▸ Work to complete: Pictures are not part of the copy; reproduce the remaining data exactly.

▸ Data segment:
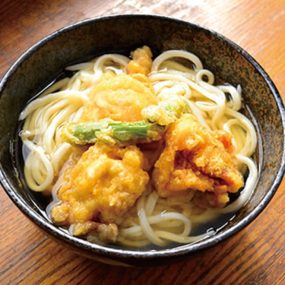 ボリューム満点のとり天ざる&いか天ざるに衝撃を受ける、正に”噂”のお店。見た目のインパクトだけでなく、イリコとカツオの風味が強いダシをまとわせた麺を口へ運べば、至福のひと時が訪れるはず。カラッと2度揚げで下味のしっかりついた天ぷらもダシにくぐらせて味わってみよう。
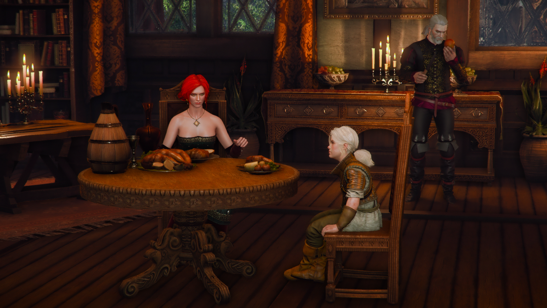 - Ура! Папка Геральт с работы вернулся! - Цири, спроси у него что на ужин готовить... Он принёс что-то из продуктов? - Папа Геральт? - Скажи ей, что "Ван дер Хууй" вполне обойдётся яблоками и виноградом. Тебе я принёс белый шоколад и эклеры. - А маме Трисс? - А маме Трисс я на ужин наловил лягушек на Кривоухих топях. На большее вдохновения не хватило после вчерашней нарезанной морковки
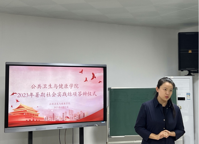 本网讯(通讯员李张自)躬行实践,力学笃行。9月21日,公共卫生与健康学院举行了2023年暑期社会实践结项答辩仪式。公共卫生与健康学院分党委副书记牛佳及全体辅导员出席本次活动并担任评委。

▸ Response box:
 ボリューム満点のとり天ざる&いか天ざるに衝撃を受ける、正に”噂”のお店。見た目のインパクトだけでなく、イリコとカツオの風味が強いダシをまとわせた麺を口へ運べば、至福のひと時が訪れるはず。カラッと2度揚げで下味のしっかりついた天ぷらもダシにくぐらせて味わってみよう。
 - Ура! Папка Геральт с работы вернулся! - Цири, спроси у него что на ужин готовить... Он принёс что-то из продуктов? - Папа Геральт? - Скажи ей, что "Ван дер Хууй" вполне обойдётся яблоками и виноградом. Тебе я принёс белый шоколад и эклеры. - А маме Трисс? - А маме Трисс я на ужин наловил лягушек на Кривоухих топях. На большее вдохновения не хватило после вчерашней нарезанной морковки
 本网讯(通讯员李张自)躬行实践,力学笃行。9月21日,公共卫生与健康学院举行了2023年暑期社会实践结项答辩仪式。公共卫生与健康学院分党委副书记牛佳及全体辅导员出席本次活动并担任评委。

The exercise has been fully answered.